I am still broken. That doesn't change quickly. It doesn't change easily. You may not see it just by looking at me, but look more deeply and you will see the pieces of me. It hurts to smile. It's difficult to laugh. My memory is in disarray. Physically, I am whole. This mind is damaged. Don't try to drag me out, you won't like what you see. Don't try to fix me, it will blow up in your face. 

My head hurts every day. People use all sorts of names for me, either good ones with fake smiles or the ones that at best show little respect and at worst dehumanize. I recognize the sing song voices and the lies I once did not.

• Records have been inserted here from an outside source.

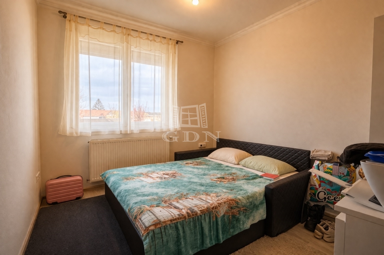 Elosztását tekintve 115m2 hasznos alapterületű. Előszoba, vendég WC, nappali-étkező, konyha, kamra, 3 hálószoba és beépített terasz lett kialakítva.
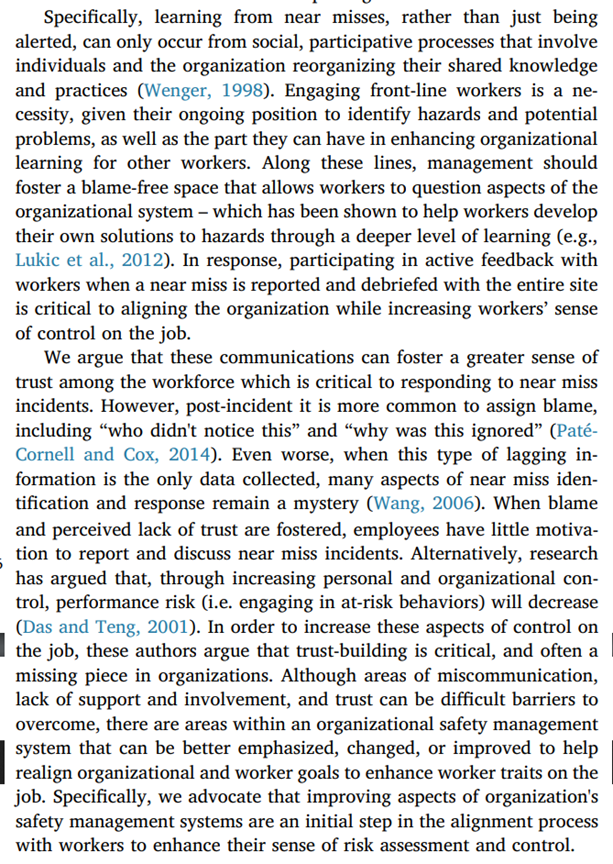 They direct some criticism towards process and chemical industries, for instance, around their hindered learning mechanisms. These findings suggest that “workers’ individual factors need to be considered and addressed when deciding how to disseminate aspects of safety management”.
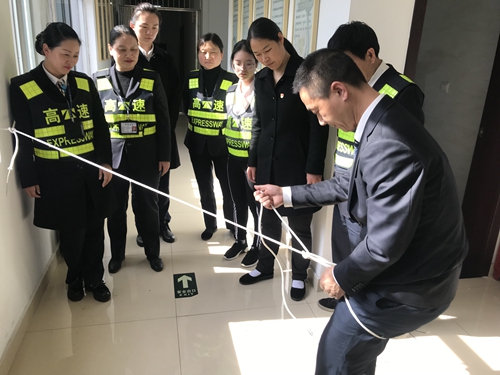 圖為演練現場 隨著所長孫明偉提問式的開場白,近日,臨海南收費所以班組為單位,分四天集中開展全員逃生繩演練活動。全所員工積極參與、親身體驗,活動達到預期效果。 整個演練過程中,培訓人員詳細講解了打繩結的方法與注意要點,現場氣氛踴躍。通過開展此次活動,本所員工不僅掌握了逃生繩的使用方法,提高了高層逃生自救能力,而且進一步提高了面對突發火情的應對能力,增強了“防火防災”的安全意識。 陳瑩
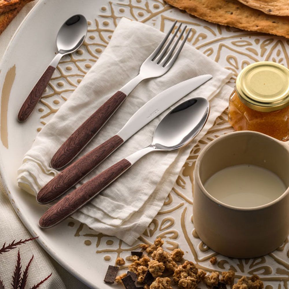 Vero Noce , es una colección efecto nogal, la cubertería esta fabricada en acero inoxidable 18/0 con acabado pulido y mango de PBT soldado por ultrasonidos con decoración realizada con impresión por sublimación.
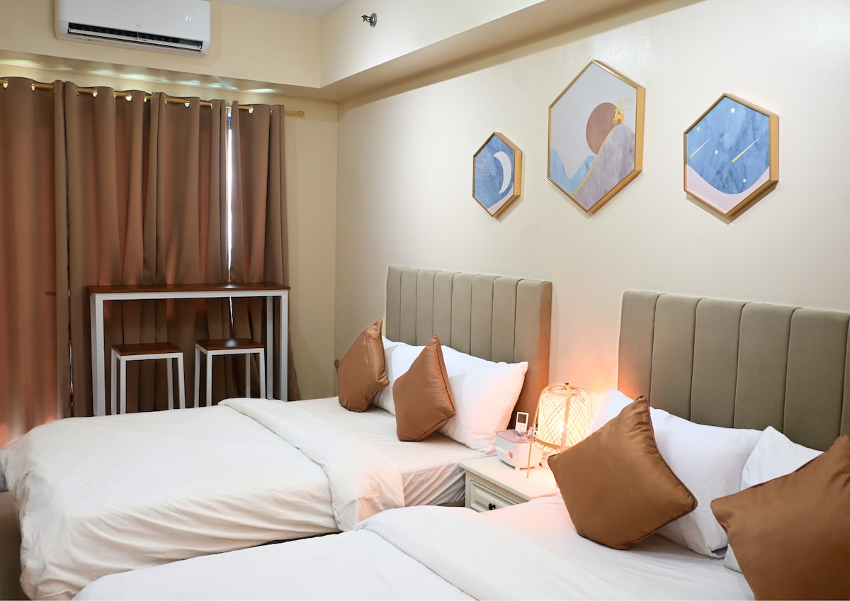 This special place is close to everything, making it easy to plan your visit. Near to Malls - Sm Mall of Asia - Robinsons Manila - Sm Manila Historical Landmarks -Cultural Center of the Philippines -Luneta Park Places American Embassy Fully Equipped Kitchen -Pots and Pans -Rice Cooker -Coffee Maker -Electric Kettle -Toaster -Blender Amenities and Funitures -2 Single Beds that can be combined -2 Large Sofabed that can accomodate 4 persons -Dining Table -Dining Chairs Fast Wifi 400mbps

After 600 pages from one mental hospital, if you still think it is wise to play with me, then you are completely blind and deaf and there is no saving you. 600 pages!?! Even I have trouble believing it. Play with the cat. He's my better nature.

I was many things. Now I am many pieces. I can barely care for myself. Leave me alone. 2 comas. 2 comas. TWO COMAS. I do not need a 3rd.

Eventually, you'll have to truly hear something i say or stop fucking with me.

We can argue until the end of time about what I need, what i am capable of, who I am, or where I went wrong. Waste of energy. You got your own 600 pages? File them. Then stay the hell away from me.

Develop some common sense. Do not play with fire. Someone will get burnt.